Wednesday, January 20, 2010

After Brown’s Win, Steele Still Pessimistic About GOP’s Chances To Win House And Senate Majorities In 2010

By Ben Armbruster

The Republican Party’s congressional leadership was reportedly angered when RNC Chairman Michael Steele said recently that the GOP probably won’t win majorities in the House and Senate in this year’s mid-term elections and that the Party isn’t quite ready to lead.

Despite the backlash from his colleagues on the Hill, and in the wake of Scott Brown’s (R-MA) victory in the Massachusetts, Steele still proclaims pessimism about the GOP’s chances in 2010. “You just can’t stop and think, ‘well OK now we’ll win in Maryland, we’ll win Delaware and we’ll win everywhere in the country because we won in Massachusetts.’ Every place is different,” he told a local Maryland radio show today. And on ABC this morning, Steele again said the GOP probably won’t win back the House and Senate:

STEPHANOPOULOS: Scott Brown wins in Massachusetts.
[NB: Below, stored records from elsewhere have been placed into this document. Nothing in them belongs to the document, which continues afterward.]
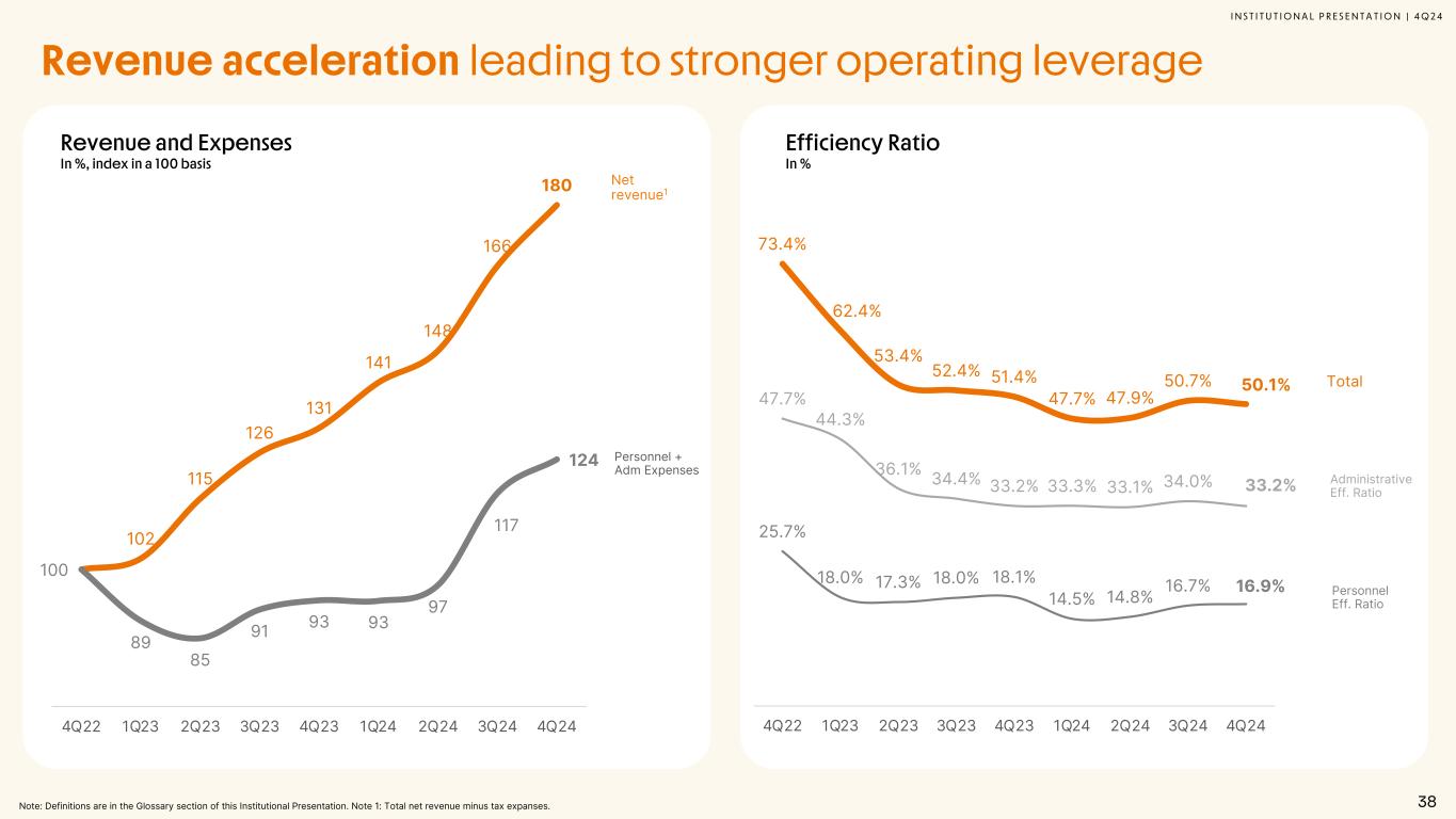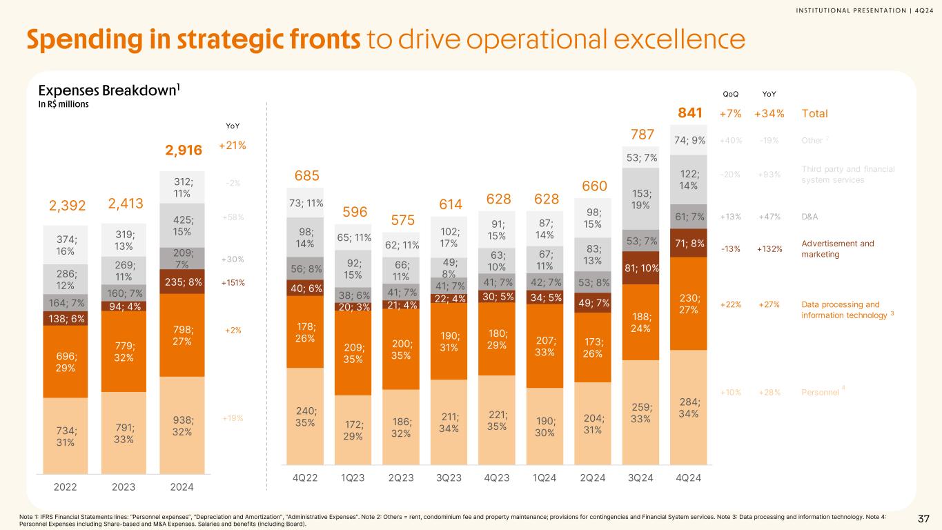 I N S T I T U T I O N A L P R E S E N T A T I O N | 4 Q 2 4 Note 1: IFRS Financial Statements lines: “Personnel expenses”, “Depreciation and Amortization”, “Administrative Expenses”. Note 2: Others = rent, condominium fee and property maintenance; provisions for contingencies and Financial System services. Note 3: Data processing and information technology. Note 4: Personnel Expenses including Share-based and M&A Expenses. Salaries and benefits (including Board). Expenses Breakdown1 In R$ millions 37 240; 35% 172; 29% 186; 32% 211; 34% 221; 35% 190; 30% 204; 31% 259; 33% 284; 34% 178; 26% 209; 35% 200; 35% 190; 31% 180; 29% 207; 33% 173; 26% 188; 24% 230; 27% 40; 6% 20; 3% 21; 4% 22; 4% 30; 5% 34; 5% 49; 7% 81; 10% 71; 8% 56; 8% 38; 6% 41; 7% 41; 7% 41; 7% 42; 7% 53; 8% 53; 7% 61; 7% 98; 14% 92; 15% 66; 11% 49; 8% 63; 10% 67; 11% 83; 13% 153; 19% 122; 14% 73; 11% 65; 11% 62; 11% 102; 17% 91; 15% 87; 14% 98; 15% 53; 7% 74; 9% 685 596 575 614 628 628 660 787 841 - 1 0 2 0 0 3 0 0 4 0 0 5 0 0 6 0 0 7 0 0 8 0 0 9 0 0 4Q22 1Q23 2Q23 3Q23 4Q23 1Q24 2Q24 3Q24 4Q24 4 3 Spending in strategic fronts to drive operational excellence 734; 31% 791; 33% 938; 32% 696; 29% 779; 32% 798; 27% 138; 6% 94; 4% 235; 8% 164; 7% 160; 7% 209; 7% 286; 12% 269; 11% 425; 15% 374; 16% 319; 13% 312; 11% 2,392 2,413 2,916 - 5 0 0 1 ,0 0 1 ,5 0 2 ,0 0 0 2 ,5 0 3 ,0 0 0 3 ,5 0 2022 2023 2024 QoQ YoY +7% +34% Total +40% -19% Other -20% +93% Third party and financial system services +13% +47% D&A -13% +132% Advertisement and marketing +22% +27% Data processing and information technology +10% +28% Personnel 2 YoY +21% -2% +58% +30% +151% +2% +19%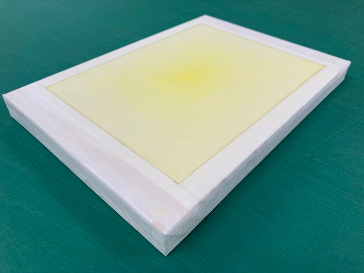 寺脇さんの作風でもありますが、コンピュータ上だけでなくアナログの質感を表現しています。ただ黄色を塗りたくったものではありません、そこには作者の意図があります。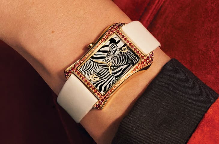 Gondolo Serata系列自2006年誕生以來,一直以流線弧形與裝飾藝術風格著稱,它的矩形錶殼線條修長,帶著一種20世紀初的女性風情,卻又能自然融入當代造型美學。早期白金鑲鑽版本以珍珠母貝面盤深植人心,後來的玫瑰金花卉圖案款則增添更多女性柔光,而2025年的「斑馬」設計,則將這種優雅推向更前衛的層面,讓狂野與秩序共存,成為一場腕上藝術的對話。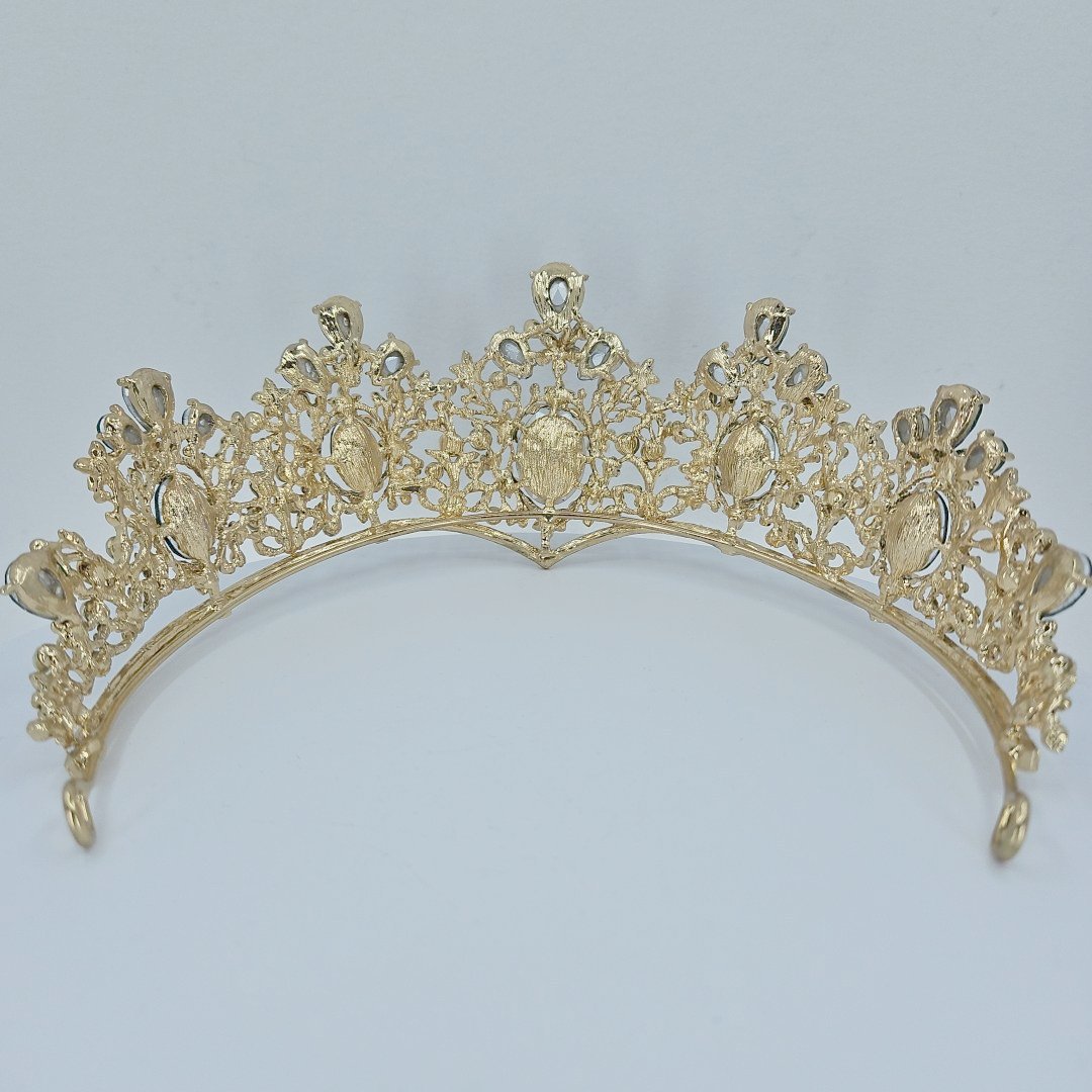 Whether you’re drawn to the classic appeal of a tiara or looking for the perfect finishing touch for your wedding ensemble, this piece promises to add a touch of enchantment to any occasion. The subtle blend of golden, green, and white tones creates a truly mesmerizing effect.

Does this mean that the Republicans are going to take the House and Senate in November?

STEELE: Oh, I think we are very well on our way at this pace to certainly narrow the margin in the United States Senate as we will in the House and we’ll see how the rest of it plans out.

Watch it:

Congressional Republicans are putting forth a different message from Steele. National Republican Senatorial Campaign Committee Chairman Sen. John Cornyn (R-TX) suggested in an interview with the New York Times today the possibility of a GOP “tsunami” this November. A National Republican Congressional Committee (NRCC) spokesman echoed Cornyn. “If Democrats can’t sell their agenda in the bluest state in the country, they can’t sell it anywhere…to that end, it will have a significant ripple effect on campaigns across the country.” “Scott Brown’s win confirms the serious ramifications that will haunt Democrats all the way to the November elections,” NRCC chair Rep. Pete Sessions (R-TX) said. “There is a movement building in America that threatens their majority in Congress.”

“You really just have to get him to stop,” one top congressional GOP aide said of Steele after his comment that the party wasn’t ready to lead. Another aide said Party leaders want Steele “out of sight, out of mind.”